The backstory: Gas prices in Europe and the spot price for LNG in Asia were elevated for much of 2021, but they reached unprecedented heights in Q4. Before 2021, the high point at the Title Transfer Facility (TTF) in the Netherlands was €35 per megawatt hour (MWh). Between August and December 2021, the closing price was above €35/MWh every day. For a brief moment, on December 21, prices topped €181/MWh. In other words, the high point in 2021 was five times higher than the historical peak. And while Europe’s gas crisis had spillover effects into electricity and the Asian spot LNG price, no other major energy commodity experienced a similar rally.
These prices raise major questions about the functioning of the European gas market (and the spot market for LNG). The fundamentals did not justify such prices. The market was tight, of course, but not that tight. What drove prices up was a fear that Europe might run out of gas in February or March.
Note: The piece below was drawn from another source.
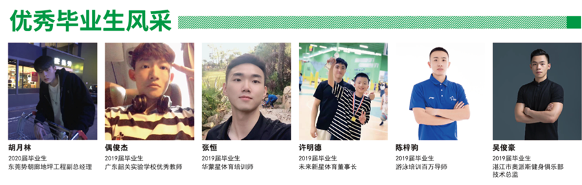 六、就业方向 学生毕业后可在体育文化娱乐公司、社区体育组织、体育场馆、体育培训公司、户外拓展公司、健身俱乐部等相关企事业单位从事体育赛事组织、体育场馆管理、体育活动策划、户外体育教官、体育教练等工作。

It was anxiety, not an actual shortage, that drove prices so high. That’s why a modest amount of LNG going into Europe in December and January crashed prices. Could such a vicious cycle be tempered, especially since high prices did little to attract gas supplies (who wants to buy gas at the top and be left holding excess supply when prices crash)? This is a serious question for policymakers to grapple with.
Russia’s role in this crisis also deserves further scrutiny. At a minimum, it seems like Gazprom’s failure to fill its storage facilities in Europe was a major driver of the perceived inadequacy of European reserves for the winter. Do companies have any obligations to use the storage capacity they have reserved, and could that capacity have been released to other parties? Should Europe impose the same responsibilities to external suppliers like Gazprom as it does to importers? Could this be a new avenue through which Gazprom exercises market power, even if its behavior in 2021 might be better explained by the need to refill storage in Russia after the cold winter of 2021? All these are important questions for Europe to consider.
More broadly, these prices exposed a deeper problem for Europe: seasonal balancing. In the past, Europe has relied on a mix of domestic production, storage, and pipeline imports to meet the huge seasonal swing in gas demand. With gas production declining, the continent is far more reliant on storage and imports, including LNG. This is a problem. LNG is not very seasonal because it makes sense to produce at capacity year-round, and Asia absorbs the market’s seasonal capacity.
This leaves Europe in a bind. In 2021, South America imported a lot of LNG during the (Northern Hemisphere) summer, which left less LNG for Europe to import to refill storage. In fact, Europe was able to secure additional LNG in December once the needs of South America subsided. But Europe needs a more permanent fix to this problem. No matter how quickly the energy transition takes place, this seasonal challenge will persist. Europe needs better solutions.
Nikos Tsafos is the James R. Schlesinger Chair for Energy and Geopolitics with the Energy Security and Climate Change Program at the Center for Strategic and International Studies in Washington, D.C.